§ **What to produce**: Leaving out the images, return the data below exactly as it is written.

Records drawn from a dataset:
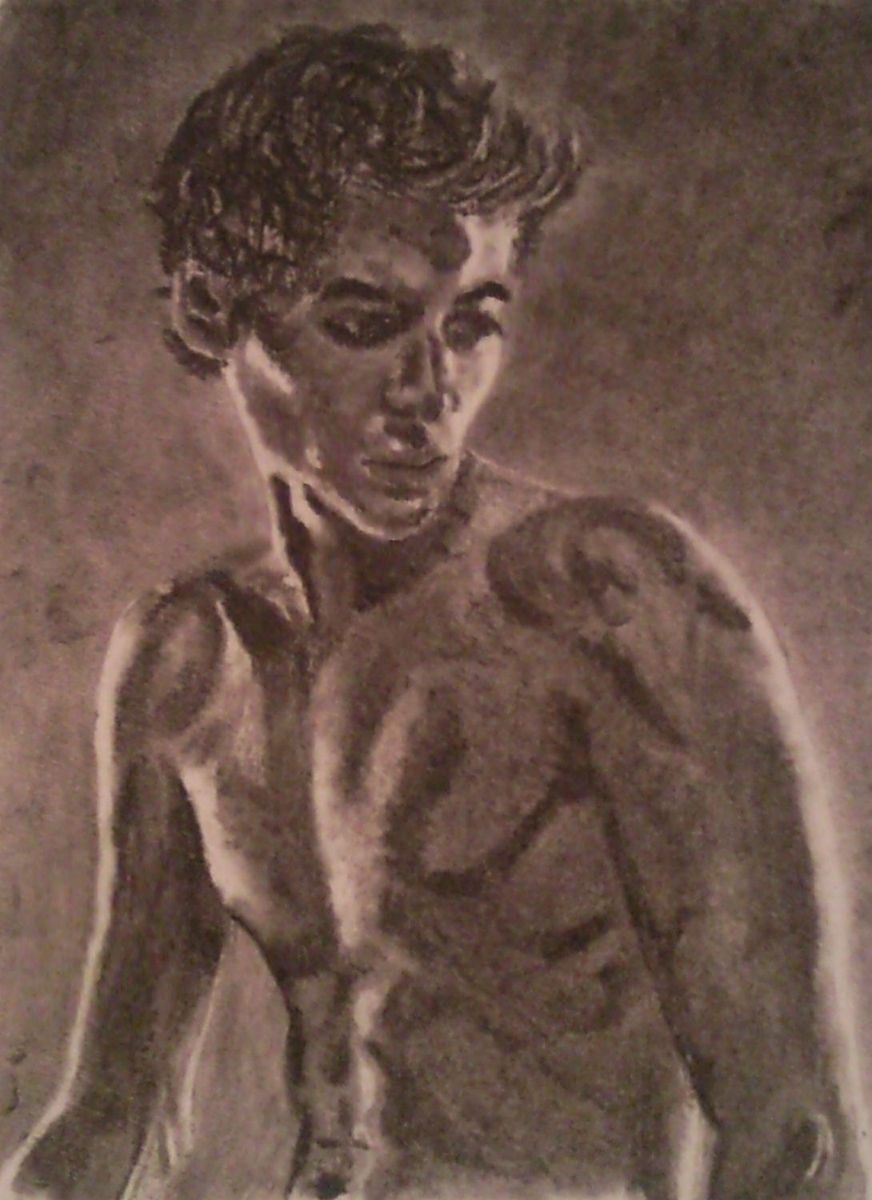 An earlier exploration in charcoal offers a beautiful simplicity in it's bolder contrasts offering depths in shading and highlighting.
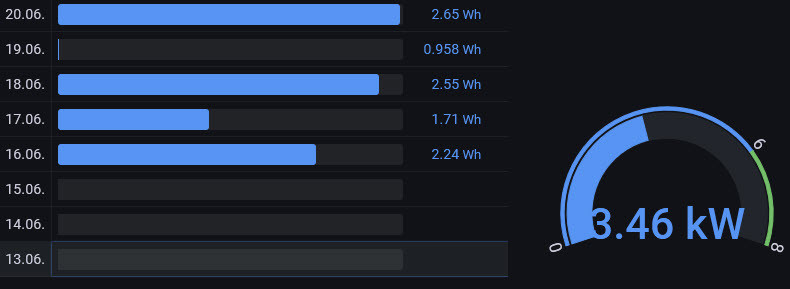 Ich möchte gerne Tages- Wochen -Monatsverbräuche und -Erträge in Grafana anzeigen lassen.
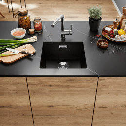 Blanco Subline 400-U a legmodernebb dizájn csúcsát képviseli az aláépíthető mosogatók kategóriájában. Ez az elegáns gránit mosogató 430 × 460 mm mérettel alsó szekrénybe való beépítésre készült, 50 cm-től szélességű szekrényhez, és ideális kombinációját kínálja a kompakt méretnek és a kényelemnek.
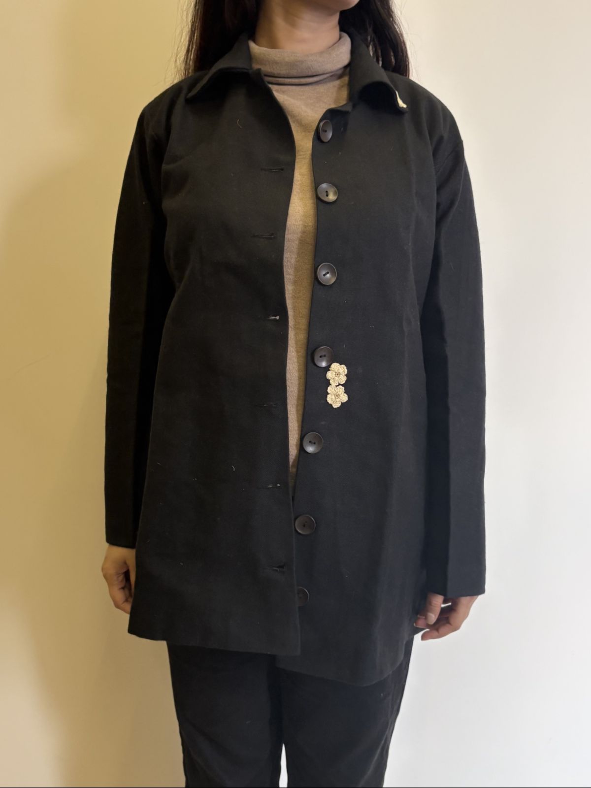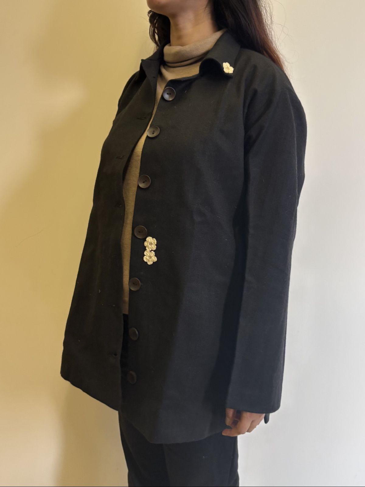 Elevate your everyday wardrobe with this expertly crafted woollen jacket that balances sophistication with comfort. The striking beige and black striped pattern creates visual interest while maintaining a refined aesthetic, perfect for layering across seasons. Cut to a precise 30-inch length with a straight silhouette, this piece offers versatile styling possibilities without compromising on structure. Artisanal crochet embellishments showcase meticulous hand-finishing, while natural wooden buttons and a breathable cotton lining demonstrate thoughtful material selection. Functional side pockets enhance practicality, and the quality construction ensures lasting wear. A testament to skilled Indian craftsmanship, this jacket delivers understated elegance with purposeful design details.
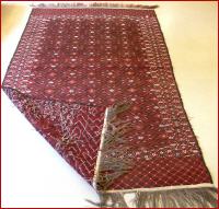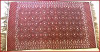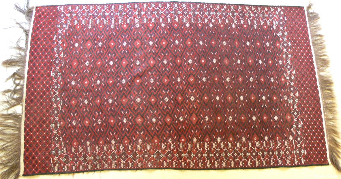 Jomude , Grundgewebe u. Kette Wolle , Einwirking Wolle u. weiße Farbe Baumwolle , älter , 242 cm auf 130 cm
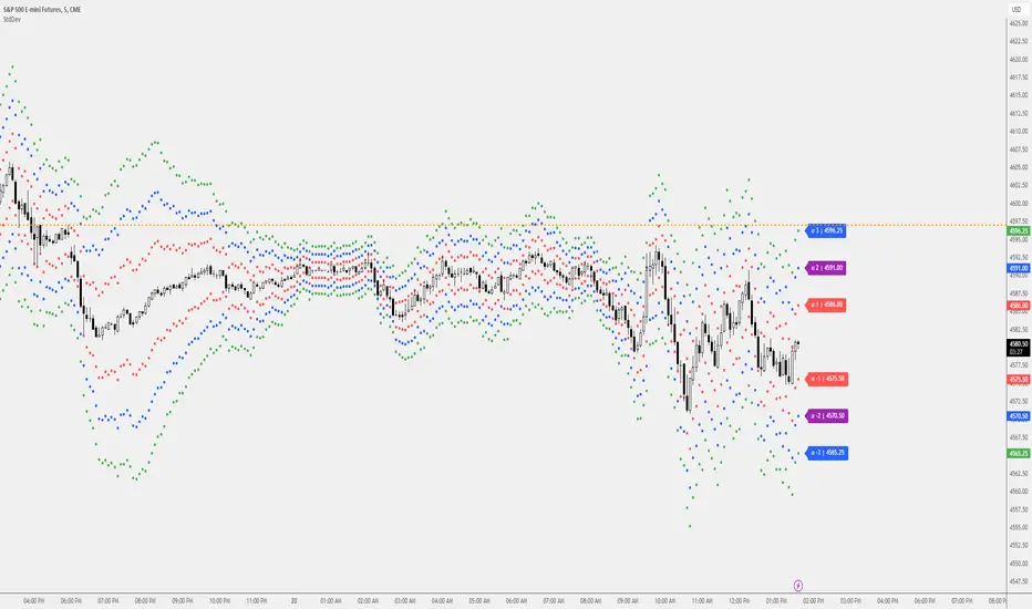 On request: MTF capability. Higher and Lower Timeframe standard deviations.
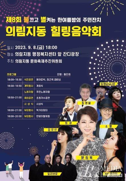 미디어아워 이다정 기자 | 의림지동 한여름 밤의 주민잔치 "제8회 의림지동 힐링음악회"가 오는 8일(금) 저녁 6시 의림지동행정복지센터 잔디광장에서 개최된다.
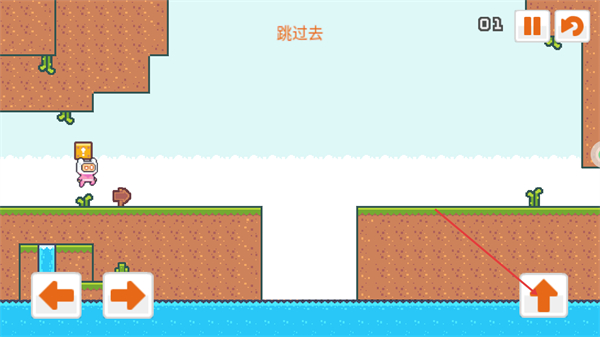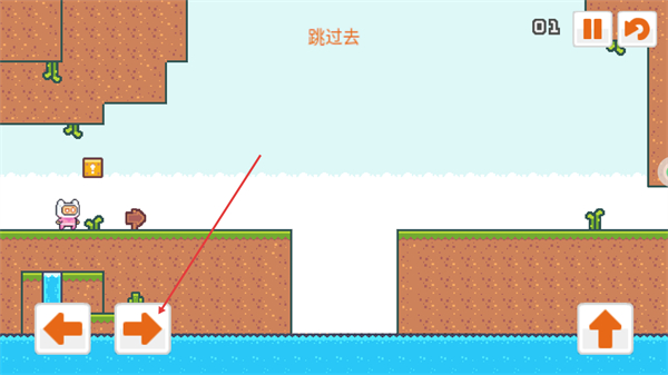 2、当前关卡界面显示跳过去提示,需点击下方右侧的向右箭头,按钮控制角色向右移动,靠近需要跳跃的区域。
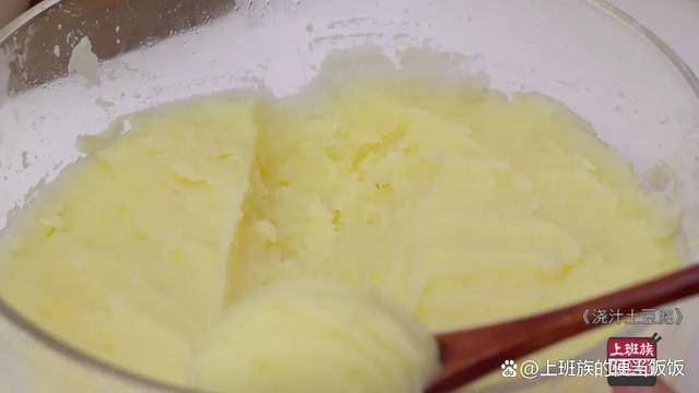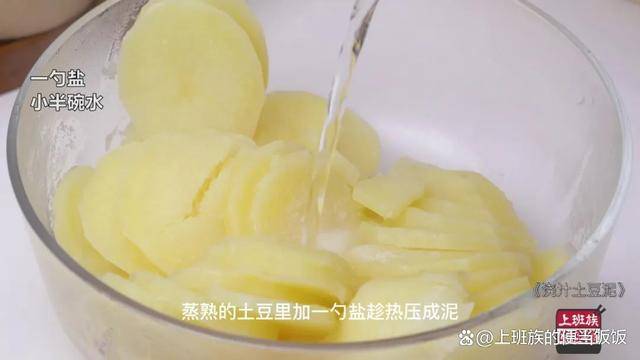 蒸熟的土豆裡,加一勺鹽,趁熱給壓成泥,盡量壓細膩一點。
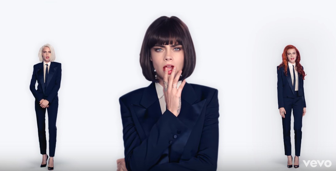映画と同じく巨匠リュック・ベッソン監督が総指揮を務め、劇中のシーンも織り交ぜたフューチャリスティックな同MVで、カーラはシンプルなメンズライクのスーツを着用。3種類のスタイリッシュなヘアスタイルを披露した。
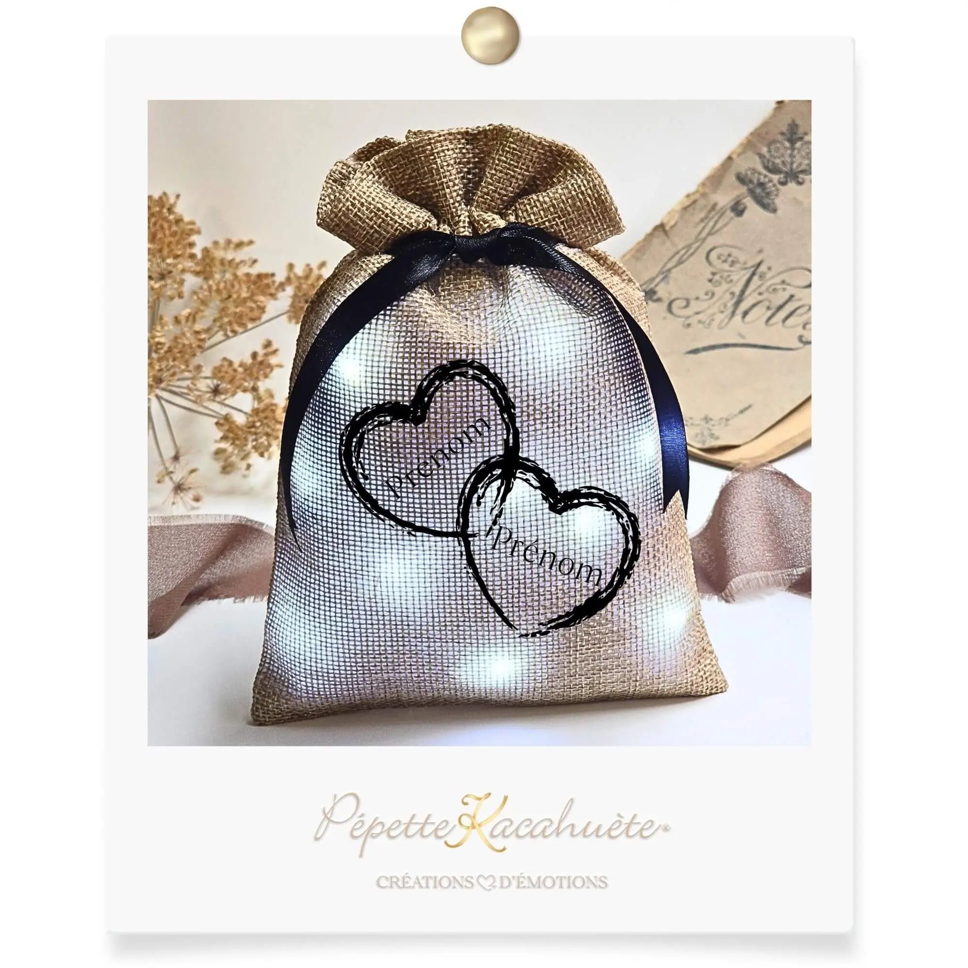 MINI POCHON LUMINEUX COEURS ENTRELACES PRENOMS
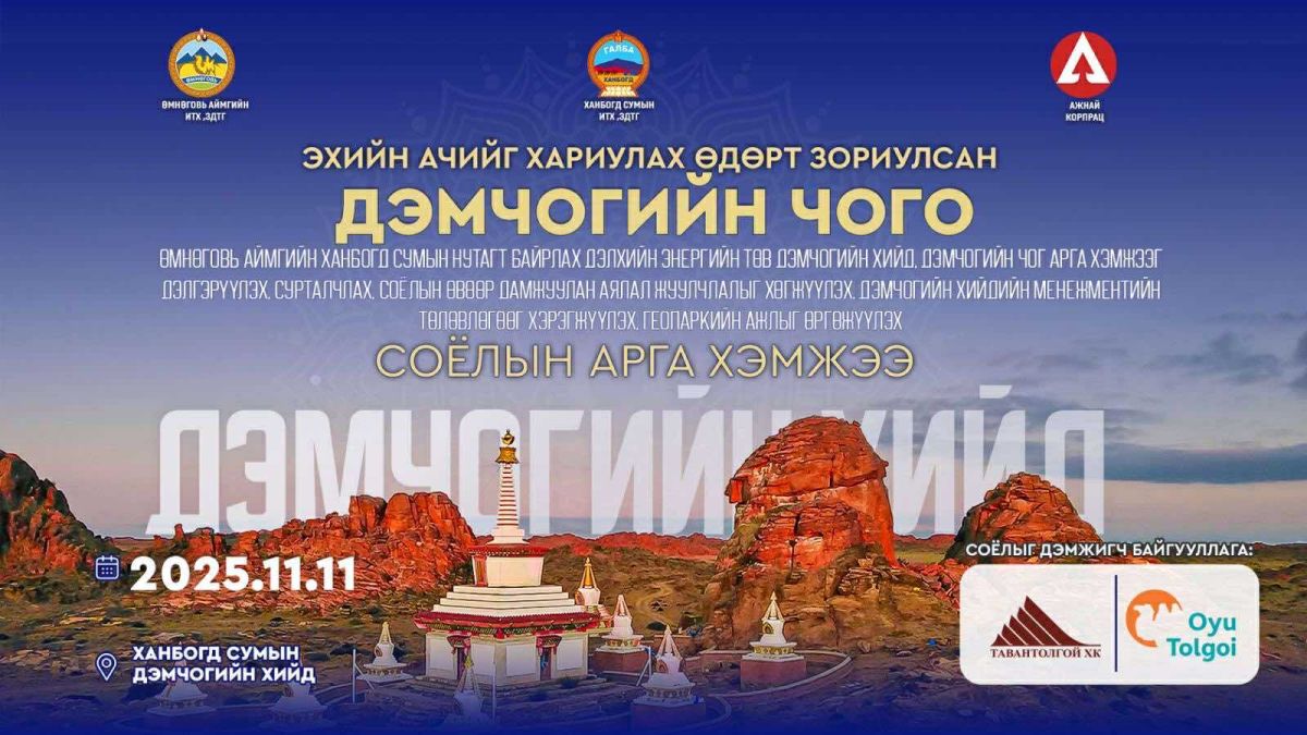 Өмнөговь аймгийн Ханбогд сумын нутагт орших Дэлхийн энергийн төв — Дэмчогийн хийд болон “Дэмчогийн Чого” соёлын арга хэмжээг олон нийтэд сурталчлан таниулах, соёлын өвөөр дамжуулан аялал жуулчлалыг хөгжүүлэх, мөн Дэмчогийн хийдийн менежментийн төлөвлөгөөг хэрэгжүүлэх, геопаркийн үйл ажиллагааг өргөжүүлэх зорилгоор Эхийн ачийг хариулах өдөрт зориулсан “Дэмчогийн Чого” соёлын арга хэмжээ 2025 оны 11 дүгээр сарын 11-ний өдөр Ханбогд сумын Дэмчогийн хийдэд зохион байгуулагдана. Арга хэмжээний хүрээнд “Oxford Mindfulness” буюу санамсрын бясалгалын хичээлийг Гавж Д.Нямсамбуу удирдан явуулах бөгөөд соёл, сэтгэлийн тэнцвэр, бясалгалын үнэ цэнийг түгээх зорилготой юм. Та бүхнийг “Дэмчогийн Чого” соёлын арга хэмжээнд хүрэлцэн ирж говийн өв соёл, сэтгэлийн гэгээрэл, энергийн нэгдлийг мэдрэхийг урьж байна.

§ **Answer below**:
 An earlier exploration in charcoal offers a beautiful simplicity in it's bolder contrasts offering depths in shading and highlighting.
 Ich möchte gerne Tages- Wochen -Monatsverbräuche und -Erträge in Grafana anzeigen lassen.
 Blanco Subline 400-U a legmodernebb dizájn csúcsát képviseli az aláépíthető mosogatók kategóriájában. Ez az elegáns gránit mosogató 430 × 460 mm mérettel alsó szekrénybe való beépítésre készült, 50 cm-től szélességű szekrényhez, és ideális kombinációját kínálja a kompakt méretnek és a kényelemnek.
 Elevate your everyday wardrobe with this expertly crafted woollen jacket that balances sophistication with comfort. The striking beige and black striped pattern creates visual interest while maintaining a refined aesthetic, perfect for layering across seasons. Cut to a precise 30-inch length with a straight silhouette, this piece offers versatile styling possibilities without compromising on structure. Artisanal crochet embellishments showcase meticulous hand-finishing, while natural wooden buttons and a breathable cotton lining demonstrate thoughtful material selection. Functional side pockets enhance practicality, and the quality construction ensures lasting wear. A testament to skilled Indian craftsmanship, this jacket delivers understated elegance with purposeful design details.
 Jomude , Grundgewebe u. Kette Wolle , Einwirking Wolle u. weiße Farbe Baumwolle , älter , 242 cm auf 130 cm
 On request: MTF capability. Higher and Lower Timeframe standard deviations.
 미디어아워 이다정 기자 | 의림지동 한여름 밤의 주민잔치 "제8회 의림지동 힐링음악회"가 오는 8일(금) 저녁 6시 의림지동행정복지센터 잔디광장에서 개최된다.
 2、当前关卡界面显示跳过去提示,需点击下方右侧的向右箭头,按钮控制角色向右移动,靠近需要跳跃的区域。
 蒸熟的土豆裡,加一勺鹽,趁熱給壓成泥,盡量壓細膩一點。
映画と同じく巨匠リュック・ベッソン監督が総指揮を務め、劇中のシーンも織り交ぜたフューチャリスティックな同MVで、カーラはシンプルなメンズライクのスーツを着用。3種類のスタイリッシュなヘアスタイルを披露した。
 MINI POCHON LUMINEUX COEURS ENTRELACES PRENOMS
 Өмнөговь аймгийн Ханбогд сумын нутагт орших Дэлхийн энергийн төв — Дэмчогийн хийд болон “Дэмчогийн Чого” соёлын арга хэмжээг олон нийтэд сурталчлан таниулах, соёлын өвөөр дамжуулан аялал жуулчлалыг хөгжүүлэх, мөн Дэмчогийн хийдийн менежментийн төлөвлөгөөг хэрэгжүүлэх, геопаркийн үйл ажиллагааг өргөжүүлэх зорилгоор Эхийн ачийг хариулах өдөрт зориулсан “Дэмчогийн Чого” соёлын арга хэмжээ 2025 оны 11 дүгээр сарын 11-ний өдөр Ханбогд сумын Дэмчогийн хийдэд зохион байгуулагдана. Арга хэмжээний хүрээнд “Oxford Mindfulness” буюу санамсрын бясалгалын хичээлийг Гавж Д.Нямсамбуу удирдан явуулах бөгөөд соёл, сэтгэлийн тэнцвэр, бясалгалын үнэ цэнийг түгээх зорилготой юм. Та бүхнийг “Дэмчогийн Чого” соёлын арга хэмжээнд хүрэлцэн ирж говийн өв соёл, сэтгэлийн гэгээрэл, энергийн нэгдлийг мэдрэхийг урьж байна.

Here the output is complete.